What is being asked
Below are entries with pictures in them. Output exactly the lines starting at the line with "From there we" and ending at the line with "Aquest diumenge de", both included, but not the pictures.

Start of Extracted data

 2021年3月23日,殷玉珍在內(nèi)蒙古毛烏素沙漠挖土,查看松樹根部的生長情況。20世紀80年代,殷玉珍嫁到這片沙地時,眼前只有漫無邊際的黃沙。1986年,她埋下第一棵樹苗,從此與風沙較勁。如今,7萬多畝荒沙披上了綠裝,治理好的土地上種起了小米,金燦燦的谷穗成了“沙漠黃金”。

End of Extracted data
Start of Extracted data

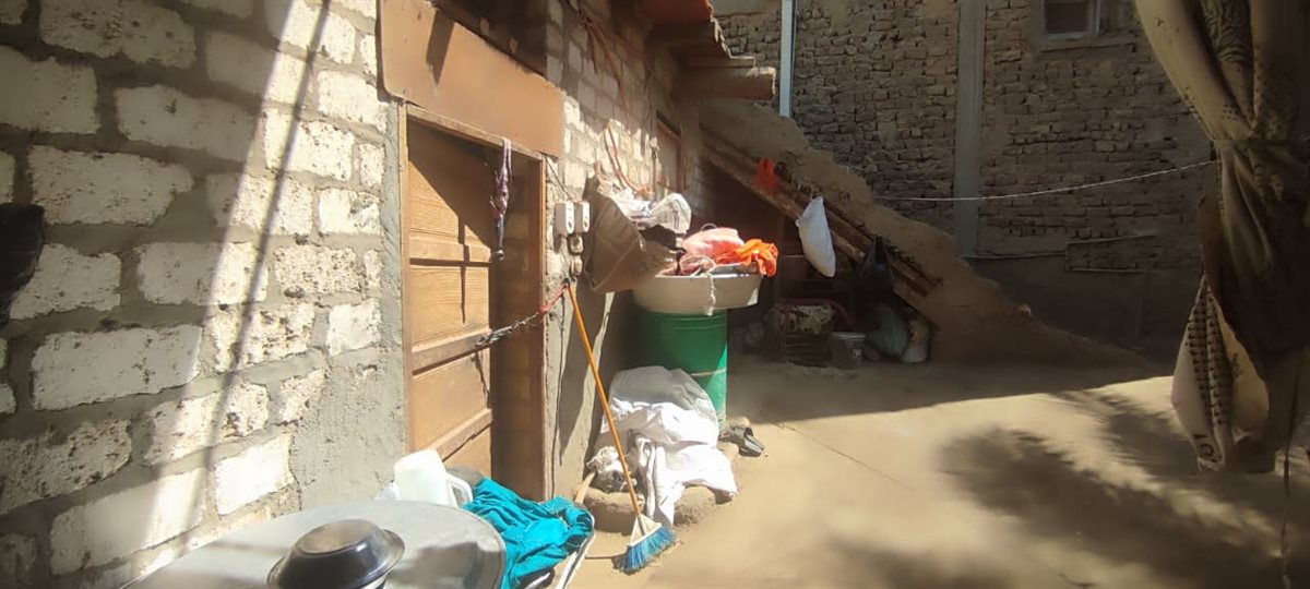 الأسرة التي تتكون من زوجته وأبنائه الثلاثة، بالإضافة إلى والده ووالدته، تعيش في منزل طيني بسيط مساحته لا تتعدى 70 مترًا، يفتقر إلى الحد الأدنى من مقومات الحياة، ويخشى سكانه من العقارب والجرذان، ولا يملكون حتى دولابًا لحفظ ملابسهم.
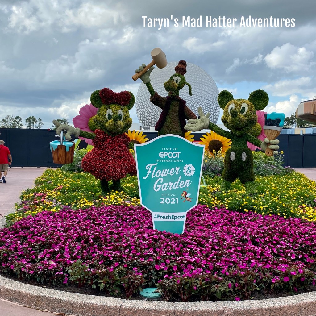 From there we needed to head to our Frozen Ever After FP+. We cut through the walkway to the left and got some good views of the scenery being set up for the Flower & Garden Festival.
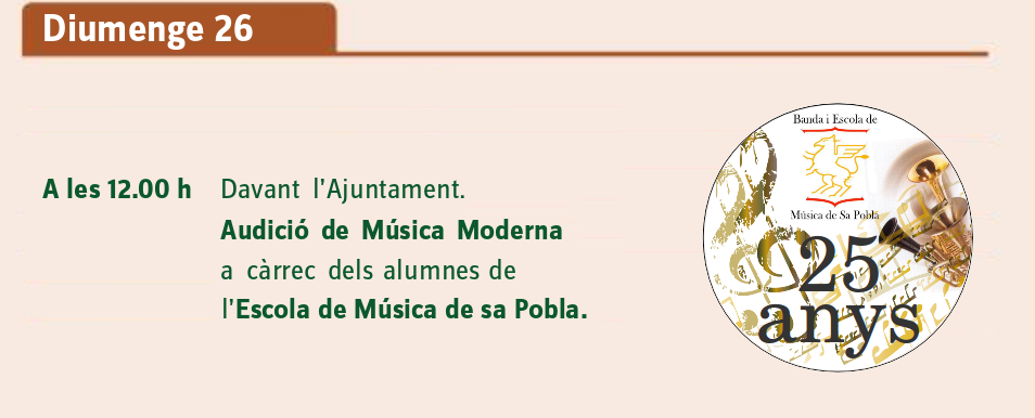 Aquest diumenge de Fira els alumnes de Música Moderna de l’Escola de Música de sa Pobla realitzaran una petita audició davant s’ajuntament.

End of Extracted data

Exercise response
 From there we needed to head to our Frozen Ever After FP+. We cut through the walkway to the left and got some good views of the scenery being set up for the Flower & Garden Festival.
 Aquest diumenge de Fira els alumnes de Música Moderna de l’Escola de Música de sa Pobla realitzaran una petita audició davant s’ajuntament.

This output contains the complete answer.